Carol also described how pedagogy, in language and literacy, becomes political for new immigrants. A young Togolese participant in the English Practice class decided to paint all the US presidents, starting with George Washington, and hung his painting on the wall at Trans.lation. When a local black leader saw the painting, she asked, “Why is there a portrait of a slave-owner in our space?” The incident illustrates how ESL classes and citizenship tests assimilate new immigrants with misleading neutrality. Uninformed about histories of race and class in the US, new immigrants can develop beliefs that cause division and conflict with US-born people of color, and that prevent new immigrants from recognizing and collaborating with communities of color to address issues such as gentrification, police violence, and poverty.
Following the presentations, Salon Members broke into small-group discussions. Members of my group created a pedagogical moment by sidestepping the suggested topics. There was a spontaneous rush from a couple of Members, and this before the November 8 election, to pursue deeper levels of inquiry into common questions and expectations about how we pursue redevelopment. How, and for whom, do we plan for the future—for the 30-year-olds or the five-year-olds? How do we prioritize community needs—for longtime community residents or for more affluent, younger people who are moving into the community? Who possesses community knowledge and how do we change core belief systems? Do we privilege people who attend meetings, or quiet community leaders who don’t? The example of the Brexit vote came to the fore: the majority of Brits who voted to leave the EU were Baby Boomers, who, some say, resisted change and yearned for the past. The younger generations of Brits, who mostly voted to remain, will have to live most of their lives with the consequences of that choice.

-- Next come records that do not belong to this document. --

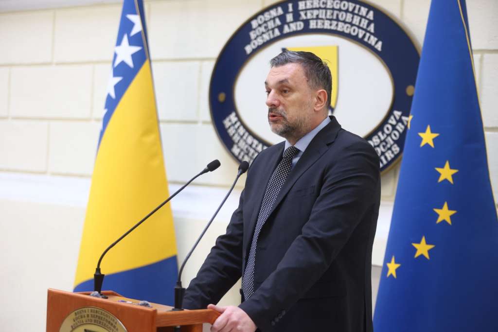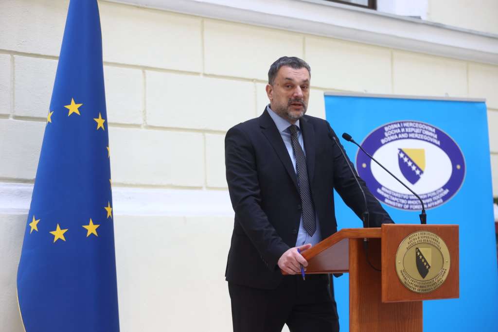 SARAJEVO, 21. marta (FENA) – Ministar vanjskih poslova Bosne i Hercegovine Elmedin Konaković danas je na konferenciji za novinare u Sarajevu govorio o izazovima u međunarodnim odnosima u kojima se Bosna i Hercegovina trenutno nalazi, istaknuvši da se u ovom mandatu dešava izuzetno mnogo važnih situacija koje zahtijevaju brzu i jasnu komunikaciju, posebno zbog globalnih kriza koje se reflektuju i na BiH.
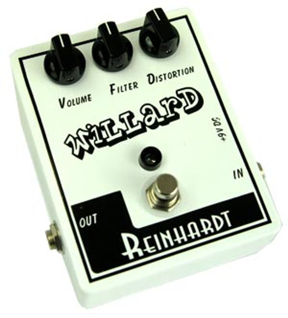 I found the Reinhardt Willard pedal to be a great choice for those seeking powerful, massive distortion sounds without being too buzzy or fizzy. It works well with most all types of guitars, single-coil or humbuckers. It sounds good when played through either an amp set on clean or set on slight breakup. At lower settings it makes a great overdrive as well. I really liked this one. On note: when trying pedals of this type, be sure that the amp is turned up into its power range. If you try a distortion pedal at bedroom volume, the result will be a very muddy sound. You need headroom from the amp to tighten the sound, so crank it up to get a true representation of how the pedal sounds.
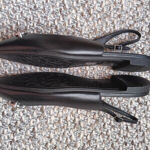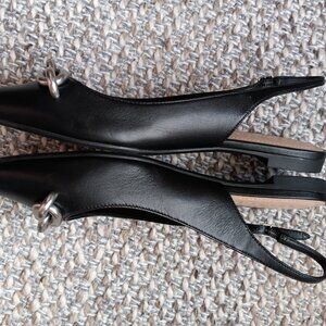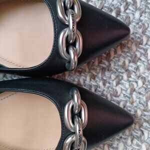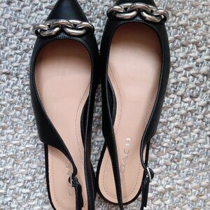 COACH Womens Point Toe Slingback Flats in Black. Silver chain hardware on the toe with Coach insignia. Comfortable and Classic. Leather Upper with a treaded Coach insignia sole. Leather (or faux) footbed - sewn in for sturdiness and wear & tear. Size 9. Comes with box.
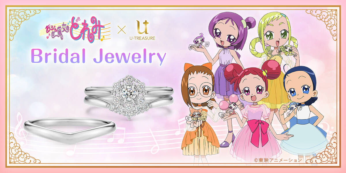 ユートレジャーから、『おジャ魔女どれみ』とコラボレーションしたブライダルリングが、ユートレジャーコンセプトストア池袋・ユートレジャーオンラインショップにて発売されました。ラインナップは、『も~っと!おジャ魔女どれみ』に登場する“パララタップ”をモチーフにしたエンゲージリング(婚約指輪)と、5人の絆を表現したデザインのマリッジリング(結婚指輪)です。
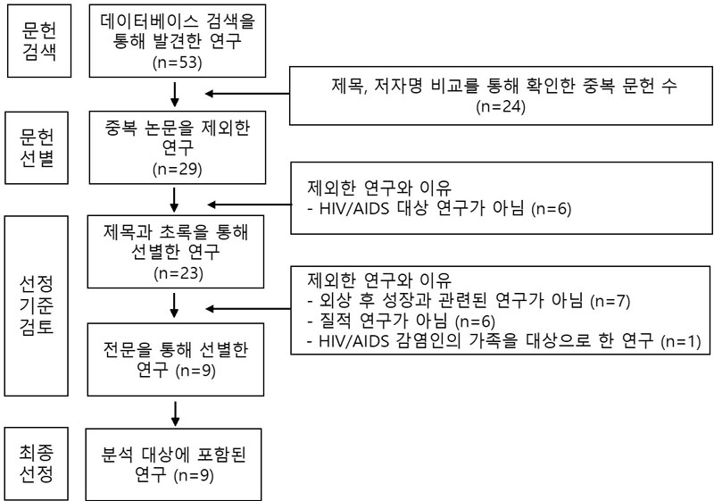 본 연구는 HIV/AIDS 감염인의 외상 후 성장(Post-Traumatic Growth, PTG)을 통합적으로 이해하기 위해 국외 질적 연구를 질적 메타요약 방법으로 분석하였다. 2025년 10월까지 발표된 관련 질적 연구 9편을 선정하고, CASP를 활용하여 연구의 질을 평가하였다....
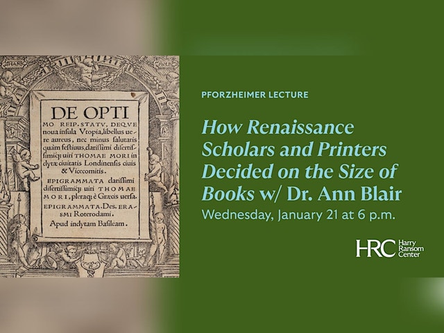 Printing in early modern Europe made few technical constraints on the size of books, which could range from very large to small in format and in length. Instead, commercial and cultural factors determined the size of books in various genres. In particular, strong partnerships between learned authors and printers in the sixteenth century helped establish norms for the publication of books in Latin. Examples will include the publication patterns of the famous humanist Erasmus (d. 1536) with his Basel printers, and of the naturalist Conrad Gessner (d. 1565) in Zurich. Ann Blair is the Carl H. Pforzheimer University Professor in the Department of History at Harvard University where she teaches book history and early modern European cultural and intellectual history. Her research focuses on the working methods of scholars and authors ca. 1500-1700. She has studied for example practices of reading and note-taking, of composing and using reference works and finding devices, paratexts, and, in her book currently in production, the role of amanuenses. Her publications include: Too Much To Know: Managing Scholarly Information Before the Modern Age (2010); Information: A Historical Companion (2021) co-edited with Paul Duguid, Anja Goeing, and Anthony Grafton; and, due out in summer 2026, In the Scholar’s Workshop: Hidden Histories of Collaboration and Authorship. The event will be livestreamed on YouTube. [https://www.youtube.com/live/u16QHaIhVoc]
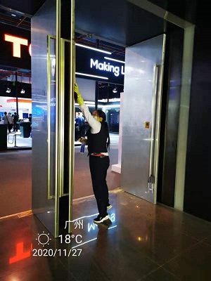 2020年11月23日-28日,银康进行南丰国际会展中心-世界5G大会的展馆保洁以及防疫消毒服务。以下是进行保洁及消毒服务的相关图片:

The evening closed with a performance piece by members of Honey Pot Performance, who draw on ethnography, sociology, and fieldwork data to feed experimentation with methodologies of moving through space and exploring relationships. The three performers, including Salon Member Meida Teresa McNeal, who is also Cultural Manager for the Chicago Park District, read a poem and presented for the audience a simulated rehearsal in progress. When the audience was invited to contribute responses, it felt like another pedagogical moment—a moment to recognize and reflect back the many dimensions and complicated perceptions of lived experience.
Pedagogical moments come when we are open to them, to the discoveries they bring and the truths they reveal, however inconvenient or uncomfortable. These moments of teaching and learning come when, as Benny Lee testified, we connect with our history, when we resurrect and examine purposefully forgotten, disparate narratives. Or, as David Stovall said, when we complicate things, when we are willing to trouble the waters, and the status quo. When, as Sam Darrigrand noted, we are willing to meet people where they’re at—not where we think they should be. And, as Carol Zou described, when we create spaces and conditions where diverse communities come together to learn, to imagine, and to recognize their shared values, needs, and, above all, their power.
Parts of this blog were originally covered in a story for Newcity magazine.